[Stored items]
╔══

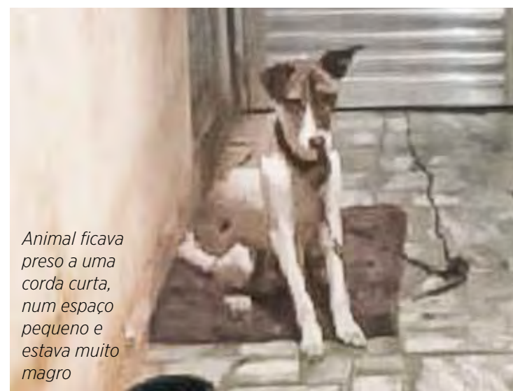
Animal ficava preso a uma corda curta, num espaço pequeno e estava muito magro

A ocorrência de maus-tratos a animal foi registrada no Plantão Policial e o cão foi resgatado e levado ao Canil Municipal, para receber os devidos cuidados. A Lei 14.064/2020 que trata dos direitos dos animais aumentou a pena para quem maltratar cães e gatos, pois quem cometer esse crime poderá ser punido com 2 a 5 anos de reclusão, multa e proibição da guarda. As informações são da GCM de Rio Claro.
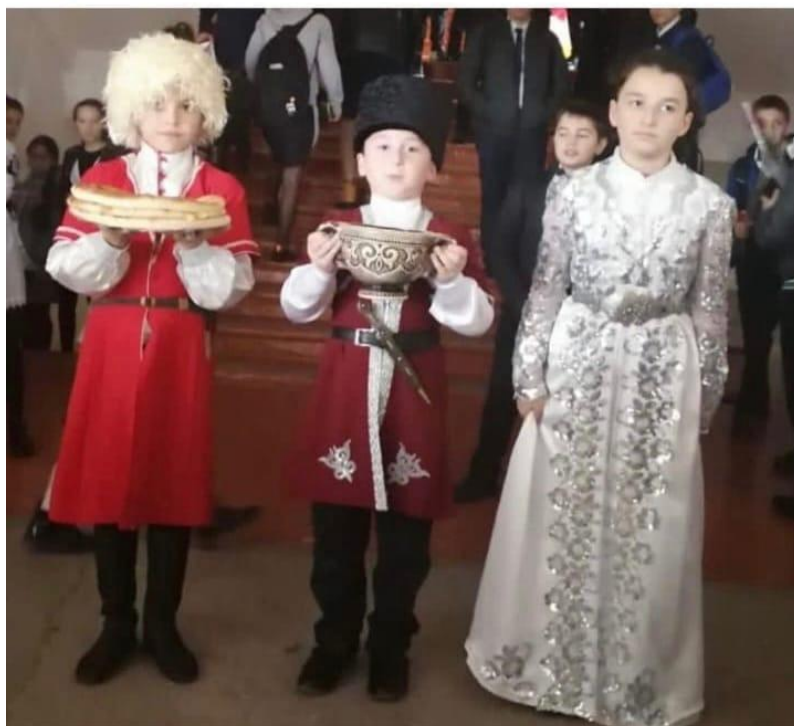
Праздник посвященный Дню Единства
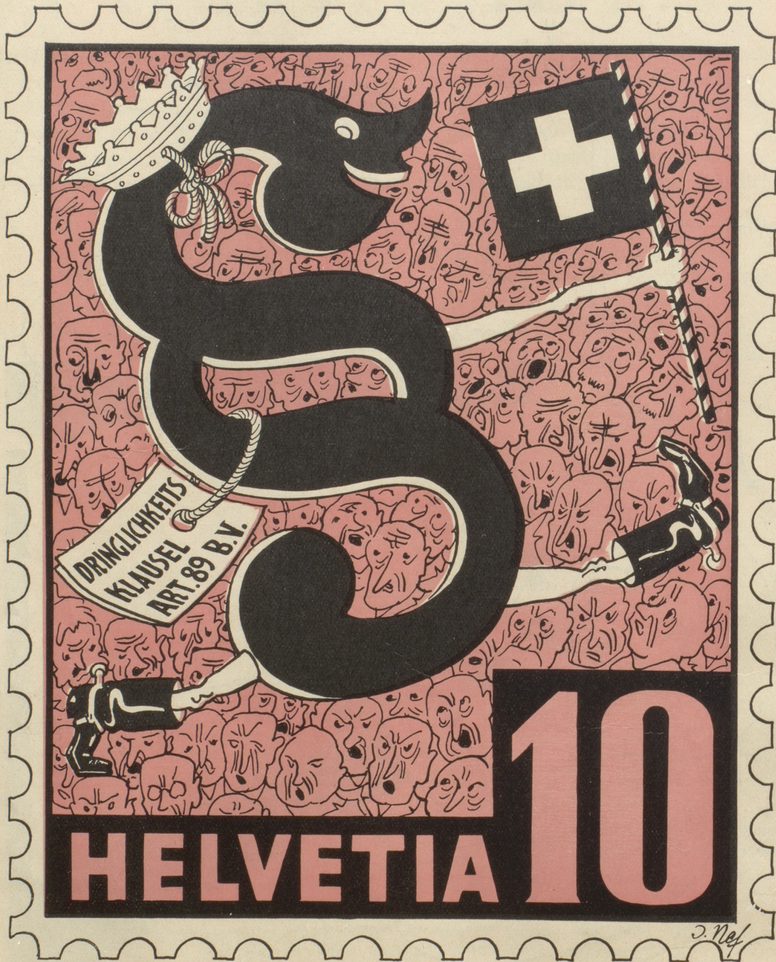
Aus der Serie: Neue Schweizer Briefmarken

Goldmännli BIERE sind wolfsmännli und brennend
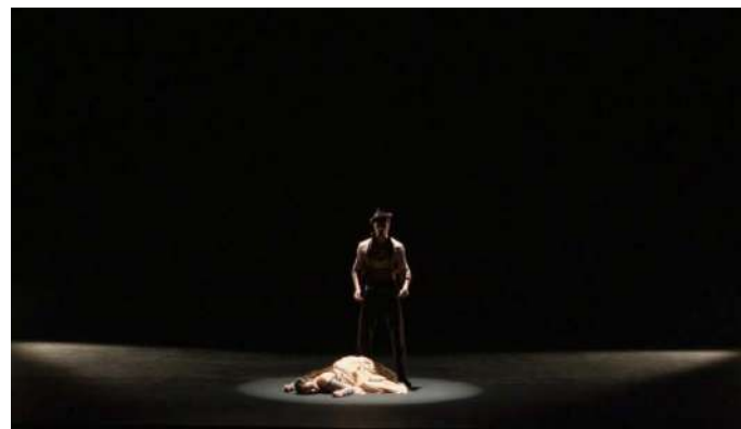
MUERTE DE CARMEN Segundo Acto

José hundido en la desesperación se marcha y se dirige a una ermita cercana a ponerse en paz con Dios. Tras analizar la situación descubre que la única manera de que Carmen no sea de nadie mas que de él es matarla.
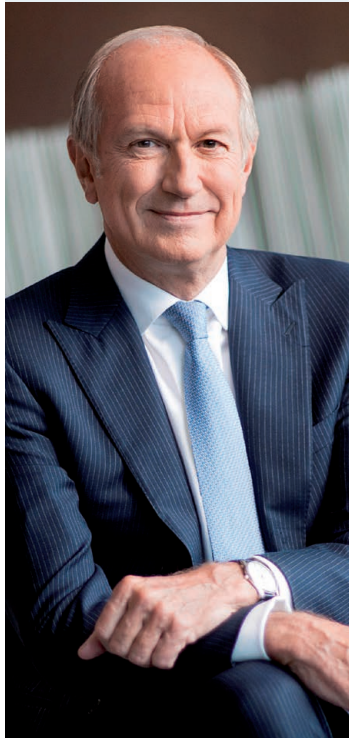
Jean-Paul Agon L'Oréal CEO & Chairman zum Thema Nachhaltigkeit
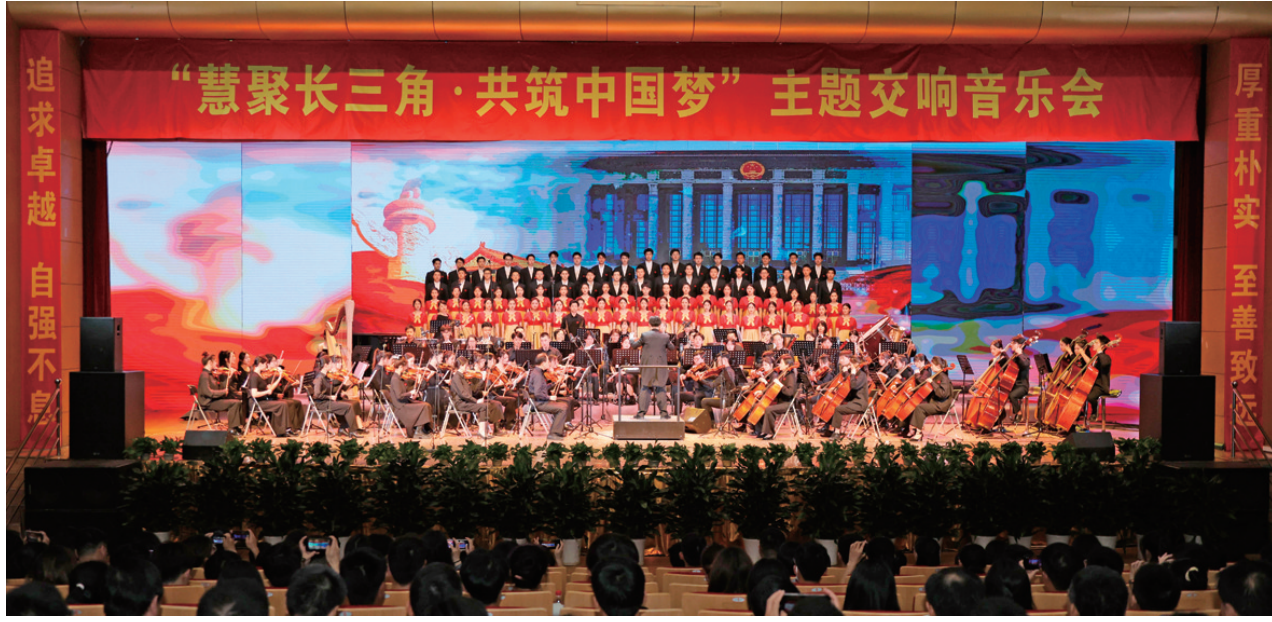
“慧聚长三角·共筑中国梦”主题交响音乐会

烈的其他问题,建立问题清单,做到真正把问题搞清楚。要狠抓问题整改,凡是能够解决的问题要立即着手解决,短期内不能解决的要系统谋划,确保真改、实改、改到位,常态化开展“我为师生办实事”活动。要注重建章立制,深入研究问题背后的根源,举一反三,补齐短板,建立健全一套打基础、管长远、治根本的现代大学制度体系,不断提高学校内部治理水平和管理服务质量。(文/学校办公室)
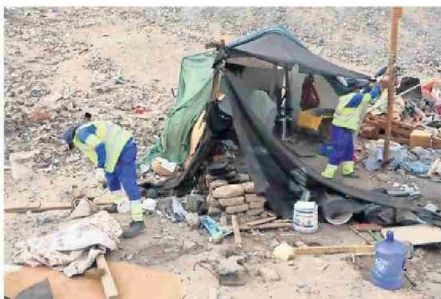
PERSONAL DE LA DIRECCIÓN DE OPERACIONES DESMONTANDO UN RUCO.
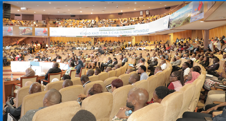
Wadau wa Serikali Mtandao kutoka Taasisi mbalimbali za Umma wakisikiliza kwa makini moja ya mada zilizotolewa wakati wa kikao kazi cha 3 cha Serikali Mtandao kilichofanyika Jijini Arusha kuanzia tarehe 8 - 10 Februari 2023.
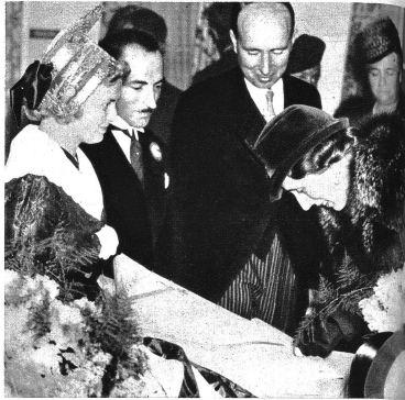
Die schwedische Kronprinzessin in der Ausstellung.

╚══

**About this exercise**
Quote all of the entries word for word, omitting any pictures.

**Problem solution**
Animal ficava preso a uma corda curta, num espaço pequeno e estava muito magro

A ocorrência de maus-tratos a animal foi registrada no Plantão Policial e o cão foi resgatado e levado ao Canil Municipal, para receber os devidos cuidados. A Lei 14.064/2020 que trata dos direitos dos animais aumentou a pena para quem maltratar cães e gatos, pois quem cometer esse crime poderá ser punido com 2 a 5 anos de reclusão, multa e proibição da guarda. As informações são da GCM de Rio Claro.
Праздник посвященный Дню Единства
Aus der Serie: Neue Schweizer Briefmarken

Goldmännli BIERE sind wolfsmännli und brennend
MUERTE DE CARMEN Segundo Acto

José hundido en la desesperación se marcha y se dirige a una ermita cercana a ponerse en paz con Dios. Tras analizar la situación descubre que la única manera de que Carmen no sea de nadie mas que de él es matarla.
Jean-Paul Agon L'Oréal CEO & Chairman zum Thema Nachhaltigkeit
“慧聚长三角·共筑中国梦”主题交响音乐会

烈的其他问题,建立问题清单,做到真正把问题搞清楚。要狠抓问题整改,凡是能够解决的问题要立即着手解决,短期内不能解决的要系统谋划,确保真改、实改、改到位,常态化开展“我为师生办实事”活动。要注重建章立制,深入研究问题背后的根源,举一反三,补齐短板,建立健全一套打基础、管长远、治根本的现代大学制度体系,不断提高学校内部治理水平和管理服务质量。(文/学校办公室)
PERSONAL DE LA DIRECCIÓN DE OPERACIONES DESMONTANDO UN RUCO.
Wadau wa Serikali Mtandao kutoka Taasisi mbalimbali za Umma wakisikiliza kwa makini moja ya mada zilizotolewa wakati wa kikao kazi cha 3 cha Serikali Mtandao kilichofanyika Jijini Arusha kuanzia tarehe 8 - 10 Februari 2023.
Die schwedische Kronprinzessin in der Ausstellung.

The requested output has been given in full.